Khwaja Arif, Sharpe Claire C, Noor Mazhar, Kloog Yoel, Hendry Bruce M
Department of Renal Medicine, GKT School of Medicine, King's College London, London, United Kingdom.
Kidney Int. 2005 Aug;68(2):474-86. doi: 10.1111/j.1523-1755.2005.00425.x.
Many of the proliferative cytokines implicated in human mesangial cell (HMC) proliferation signal through the superfamily of Ras GTPases. The Ras antagonist, S-trans, trans- farnesylthiosalicylic acid (FTS), was used to investigate the effects of the inhibition of Ras signaling on HMC proliferation.
Ras expression and membrane localization, MAPK, and Akt activation were analyzed by Western blotting. Ras activation was determined with a pull-down assay using the Ras-binding domain of Raf. HMC growth curves were assessed using the MTS assay of viable cell number, while DNA synthesis was measured with BrdU incorporation. Hoechst 33342 staining was used to determine apoptosis.

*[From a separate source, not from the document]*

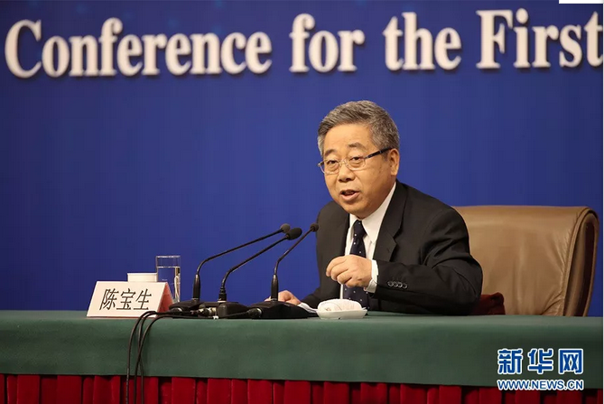 十三届全国人大一次会议新闻中心于3月16日10时在梅地亚中心多功能厅举行记者会,邀请教育部部长陈宝生就“努力让每个孩子都能享有公平而有质量的教育”相关问题回答中外记者提问。图为教育部部长陈宝生回答记者提问。新华网/中国政府网

FTS reduced the membrane localization of Ras in both serum and platelet-derived growth factor (PDGF). FTS (7.5-20 micromol/L) potently inhibited PDGF-induced HMC proliferation but had no effect on serum-induced proliferation. FTS (10-20 micromol/L) inhibited both Ras and phospho-MAPK activation by serum and PDGF. Furthermore, FTS (10-20 micromol/L) increased HMC apoptosis in the presence of PDGF but not in serum. Moreover, PDGF-stimulated activation of the survival protein Akt was inhibited by FTS. In contrast, serum-stimulated activation of Akt was unaffected by FTS.
FTS (5-20 micromol/L) inhibits PDGF-induced but not serum-induced HMC proliferation. FTS (10-20 micromol/L) also promotes HMC apoptosis in the presence of PDGF but not serum. These effects appear to be mediated by inhibitory effects on Ras-dependent signaling that occur as a result of the dislodgment of Ras from its membrane-anchorage sites by FTS. The selectivity of FTS toward PDGF-driven HMC proliferation suggests that FTS may be a valuable therapeutic in mesangioproliferative renal disease.
许多参与人系膜细胞(HMC)增殖的促增殖细胞因子通过Ras GTP酶超家族进行信号传导。使用Ras拮抗剂S-反式,反式-法尼基硫代水杨酸(FTS)来研究抑制Ras信号传导对HMC增殖的影响。
通过蛋白质免疫印迹分析Ras表达、膜定位、丝裂原活化蛋白激酶(MAPK)和Akt激活。使用Raf的Ras结合结构域通过下拉试验测定Ras激活。使用活细胞数量的MTS试验评估HMC生长曲线,同时用溴脱氧尿苷(BrdU)掺入法测量DNA合成。使用Hoechst 33342染色来确定细胞凋亡。
FTS降低了血清和血小板衍生生长因子(PDGF)中Ras的膜定位。FTS(7.5 - 20微摩尔/升)有效抑制PDGF诱导的HMC增殖,但对血清诱导的增殖没有影响。FTS(10 - 20微摩尔/升)抑制血清和PDGF诱导 的Ras和磷酸化MAPK激活。此外,FTS(10 - 20微摩尔/升)在存在PDGF的情况下增加HMC凋亡,但在血清中则不然。此外,FTS抑制PDGF刺激的存活蛋白Akt的激活。相比之下,血清刺激的Akt激活不受FTS影响。
FTS(5 - 20微摩尔/升)抑制PDGF诱导的而非血清诱导的HMC增殖。FTS(10 - 20微摩尔/升)在存在PDGF而非血清的情况下也促进HMC凋亡。这些作用似乎是由对Ras依赖性信号传导的抑制作用介导的,这是由于FTS使Ras从其膜锚定位点脱离所致。FTS对PDGF驱动的HMC增殖的选择性表明FTS可能是系膜增生性肾病中有价值的治疗药物。